_SUPPLIED DATA_
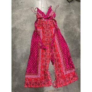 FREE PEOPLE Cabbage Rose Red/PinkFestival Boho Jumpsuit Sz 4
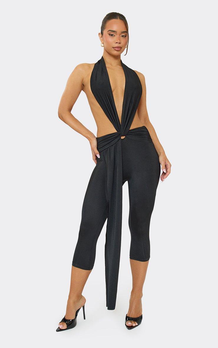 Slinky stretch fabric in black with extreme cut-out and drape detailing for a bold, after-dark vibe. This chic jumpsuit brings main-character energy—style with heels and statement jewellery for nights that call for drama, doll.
---
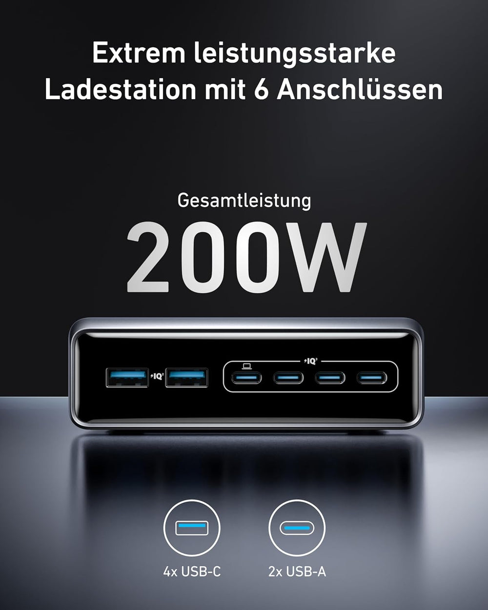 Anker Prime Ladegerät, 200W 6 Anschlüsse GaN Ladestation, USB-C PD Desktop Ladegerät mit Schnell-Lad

_THE PROBLEM_
The expected output is the lines above from the one containing "FREE PEOPLE Cabbage" to the one containing "Slinky stretch fabric", both ends included, reproduced exactly with every picture left out.

_FINISHED EXERCISE_
 FREE PEOPLE Cabbage Rose Red/PinkFestival Boho Jumpsuit Sz 4
 Slinky stretch fabric in black with extreme cut-out and drape detailing for a bold, after-dark vibe. This chic jumpsuit brings main-character energy—style with heels and statement jewellery for nights that call for drama, doll.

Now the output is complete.